» **SUPPLIED RECORDS**:
· · · · · · ·

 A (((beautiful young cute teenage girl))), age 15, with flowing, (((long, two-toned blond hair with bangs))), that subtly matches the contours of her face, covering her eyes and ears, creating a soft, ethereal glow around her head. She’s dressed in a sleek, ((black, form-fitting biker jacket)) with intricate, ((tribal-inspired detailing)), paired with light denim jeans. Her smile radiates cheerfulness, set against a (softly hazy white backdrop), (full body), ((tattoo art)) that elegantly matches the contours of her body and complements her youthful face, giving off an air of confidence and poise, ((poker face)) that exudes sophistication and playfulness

· · · · · · ·

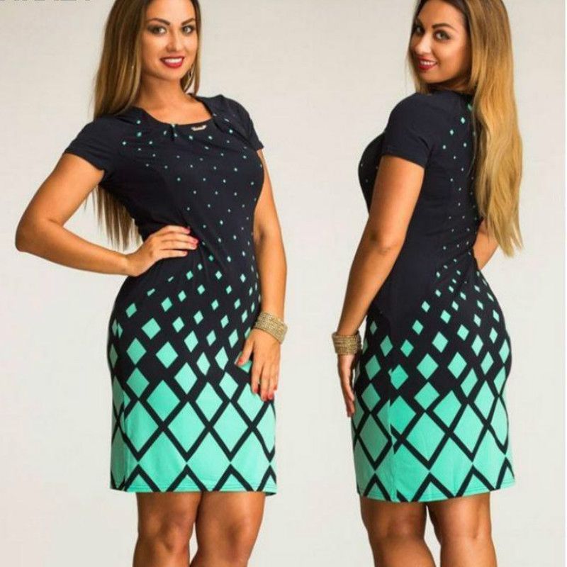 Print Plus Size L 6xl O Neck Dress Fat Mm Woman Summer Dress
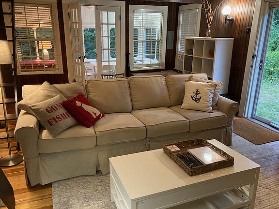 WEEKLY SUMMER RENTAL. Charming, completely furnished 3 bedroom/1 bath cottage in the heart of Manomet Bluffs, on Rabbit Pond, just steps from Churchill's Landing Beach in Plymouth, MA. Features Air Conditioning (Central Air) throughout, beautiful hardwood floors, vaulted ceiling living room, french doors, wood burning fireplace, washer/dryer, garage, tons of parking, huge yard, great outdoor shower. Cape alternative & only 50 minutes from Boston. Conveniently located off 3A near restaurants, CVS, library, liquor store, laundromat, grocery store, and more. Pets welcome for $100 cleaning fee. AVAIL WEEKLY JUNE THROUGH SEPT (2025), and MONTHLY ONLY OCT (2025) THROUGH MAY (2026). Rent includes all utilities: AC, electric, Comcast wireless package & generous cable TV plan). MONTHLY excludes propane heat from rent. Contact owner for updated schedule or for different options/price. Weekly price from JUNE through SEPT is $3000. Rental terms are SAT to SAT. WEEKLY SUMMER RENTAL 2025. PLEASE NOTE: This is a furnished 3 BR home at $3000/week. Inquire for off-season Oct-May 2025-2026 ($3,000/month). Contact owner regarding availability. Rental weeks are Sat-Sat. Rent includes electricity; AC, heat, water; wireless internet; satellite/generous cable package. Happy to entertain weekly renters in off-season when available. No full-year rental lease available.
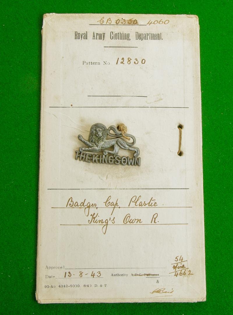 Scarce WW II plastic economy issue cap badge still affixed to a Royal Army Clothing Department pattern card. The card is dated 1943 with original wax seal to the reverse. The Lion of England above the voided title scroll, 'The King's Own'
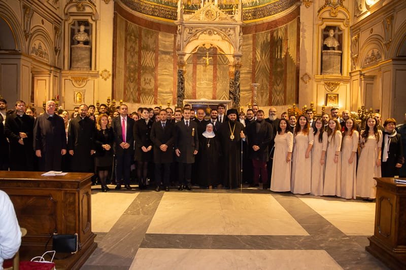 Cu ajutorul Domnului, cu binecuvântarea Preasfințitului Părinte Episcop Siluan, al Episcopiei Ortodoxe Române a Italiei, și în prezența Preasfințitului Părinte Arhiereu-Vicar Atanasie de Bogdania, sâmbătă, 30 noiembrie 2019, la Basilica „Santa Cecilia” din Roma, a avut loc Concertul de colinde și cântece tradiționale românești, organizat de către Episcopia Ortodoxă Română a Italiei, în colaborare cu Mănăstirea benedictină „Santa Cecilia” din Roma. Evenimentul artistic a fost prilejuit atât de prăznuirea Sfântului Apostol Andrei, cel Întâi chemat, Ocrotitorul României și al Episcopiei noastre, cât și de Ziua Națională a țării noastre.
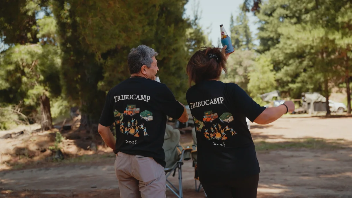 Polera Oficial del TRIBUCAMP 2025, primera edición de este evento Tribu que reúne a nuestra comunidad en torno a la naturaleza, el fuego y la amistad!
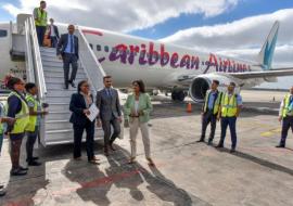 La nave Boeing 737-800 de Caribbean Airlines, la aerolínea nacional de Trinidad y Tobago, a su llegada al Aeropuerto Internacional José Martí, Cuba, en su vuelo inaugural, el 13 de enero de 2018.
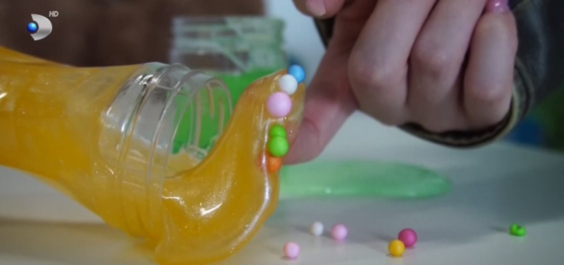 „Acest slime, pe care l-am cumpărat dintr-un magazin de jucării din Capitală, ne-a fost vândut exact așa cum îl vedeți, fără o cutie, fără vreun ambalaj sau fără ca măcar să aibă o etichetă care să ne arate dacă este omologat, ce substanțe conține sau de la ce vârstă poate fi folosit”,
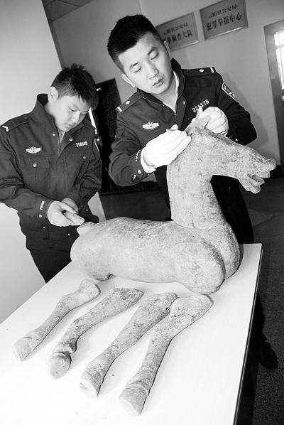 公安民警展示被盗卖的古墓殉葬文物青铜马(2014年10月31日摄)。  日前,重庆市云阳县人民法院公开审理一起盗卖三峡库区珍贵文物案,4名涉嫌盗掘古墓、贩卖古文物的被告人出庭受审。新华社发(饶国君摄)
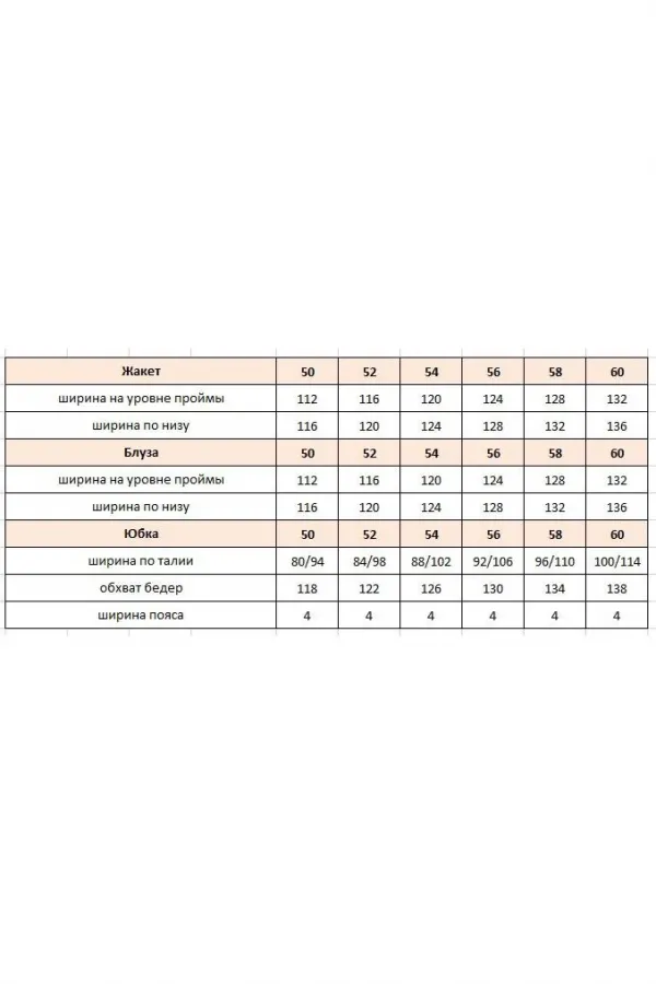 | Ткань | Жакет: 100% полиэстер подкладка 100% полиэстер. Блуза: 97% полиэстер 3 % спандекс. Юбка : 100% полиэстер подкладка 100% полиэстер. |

· · · · · · ·

» **PROBLEM TO WORK ON**:
Reproduce the entries exactly, from the line with "slime, pe care" to the line with "100% полиэстер. |", both lines included, keeping no pictures.

» **RESULT FOR THIS EXERCISE**:
 „Acest slime, pe care l-am cumpărat dintr-un magazin de jucării din Capitală, ne-a fost vândut exact așa cum îl vedeți, fără o cutie, fără vreun ambalaj sau fără ca măcar să aibă o etichetă care să ne arate dacă este omologat, ce substanțe conține sau de la ce vârstă poate fi folosit”,
 公安民警展示被盗卖的古墓殉葬文物青铜马(2014年10月31日摄)。  日前,重庆市云阳县人民法院公开审理一起盗卖三峡库区珍贵文物案,4名涉嫌盗掘古墓、贩卖古文物的被告人出庭受审。新华社发(饶国君摄)
 | Ткань | Жакет: 100% полиэстер подкладка 100% полиэстер. Блуза: 97% полиэстер 3 % спандекс. Юбка : 100% полиэстер подкладка 100% полиэстер. |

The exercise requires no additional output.